The above just compiles the java files into classes and sets the classpath.

    <target name="runcukes" depends="compile">
        <mkdir dir="bin/cucumber-junit-report"/>
        <java classname="cucumber.api.cli.Main" fork="true" failonerror="false" resultproperty="cucumber.exitstatus">
            <classpath refid="classpath"/>
            <arg value="--format"/>
            <arg value="junit:bin/cucumber-junit-report/allcukes.xml"/>
            <arg value="--format"/>
            <arg value="pretty"/>
            <arg value="--format"/>
            <arg value="html:bin/cucumber-html-report"/>
            <arg value="--glue"/>
            <arg value=""/>
            <arg value="."/>

This runs the cucumber tests via running cucumber.api.cli.Main with various arguements that point to the location of our feature file and sets various reporting and formatting features.

      <junitreport todir="bin/cucumber-junit-report">
          <fileset dir="bin/cucumber-junit-report">
              <include name="allcukes.xml"/>
          <report format="frames" todir="bin/cucumber-junit-report"/>

This next part runs junit on the junit that cucumber produced, failing if we have errors. The hello-world sample project has a fail tag here, but I haven’t found it to be needed, so I’ve omitted it here.

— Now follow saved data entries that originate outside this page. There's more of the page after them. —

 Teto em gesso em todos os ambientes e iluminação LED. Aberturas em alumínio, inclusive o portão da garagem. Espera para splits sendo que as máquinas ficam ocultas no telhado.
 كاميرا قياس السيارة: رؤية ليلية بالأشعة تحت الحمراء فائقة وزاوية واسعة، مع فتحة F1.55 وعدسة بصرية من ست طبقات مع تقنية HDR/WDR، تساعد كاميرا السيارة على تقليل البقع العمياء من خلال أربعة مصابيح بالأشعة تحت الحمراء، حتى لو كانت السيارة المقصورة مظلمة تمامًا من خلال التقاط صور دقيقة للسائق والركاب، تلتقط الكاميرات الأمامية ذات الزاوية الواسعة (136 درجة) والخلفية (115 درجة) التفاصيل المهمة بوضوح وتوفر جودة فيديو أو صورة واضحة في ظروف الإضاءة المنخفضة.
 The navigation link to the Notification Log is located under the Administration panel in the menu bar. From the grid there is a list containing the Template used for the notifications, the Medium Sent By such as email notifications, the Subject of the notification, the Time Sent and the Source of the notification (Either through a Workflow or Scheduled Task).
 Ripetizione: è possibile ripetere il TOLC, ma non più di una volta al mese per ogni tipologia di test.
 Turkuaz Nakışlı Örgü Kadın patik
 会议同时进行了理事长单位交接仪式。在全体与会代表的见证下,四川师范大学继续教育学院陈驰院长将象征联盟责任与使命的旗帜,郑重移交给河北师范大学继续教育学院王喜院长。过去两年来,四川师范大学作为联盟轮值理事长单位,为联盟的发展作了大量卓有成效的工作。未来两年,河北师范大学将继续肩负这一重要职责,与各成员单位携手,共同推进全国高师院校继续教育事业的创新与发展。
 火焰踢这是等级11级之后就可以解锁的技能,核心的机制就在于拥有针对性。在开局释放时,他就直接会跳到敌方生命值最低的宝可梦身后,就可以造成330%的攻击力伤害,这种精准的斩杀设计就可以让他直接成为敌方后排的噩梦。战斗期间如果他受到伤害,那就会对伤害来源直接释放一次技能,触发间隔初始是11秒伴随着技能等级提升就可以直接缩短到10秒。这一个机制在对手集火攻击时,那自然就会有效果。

Now run ‘ant’ in the directory and voila:

     [java] Feature: Hello World
     [java]   Scenario: Print my shopping list # helloworld.feature:3
     [java]     The list should be printed in alphabetical order of the item names
     [java]     Given a shopping list:         # ShoppingStepdefs.a_shopping_list(List<ShoppingStepdefs$ShoppingItem>)
     [java]     When I print that list         # ShoppingStepdefs.I_print_that_list()
     [java]     Then it should look like:      # ShoppingStepdefs.it_should_look_like(String)
     [java]       """
     [java]       1 Cocoa
     [java]       2 Milk
     [java]       5 Soap
     [java]     Then it should look like:      # ShoppingStepdefs.it_should_look_like(String)
     [java]       """
     [java]       1 Cocoa
     [java]       2 Milk
     [java]       5 Soap
     [java]       """

You’ll see errors in this output should there be a failure.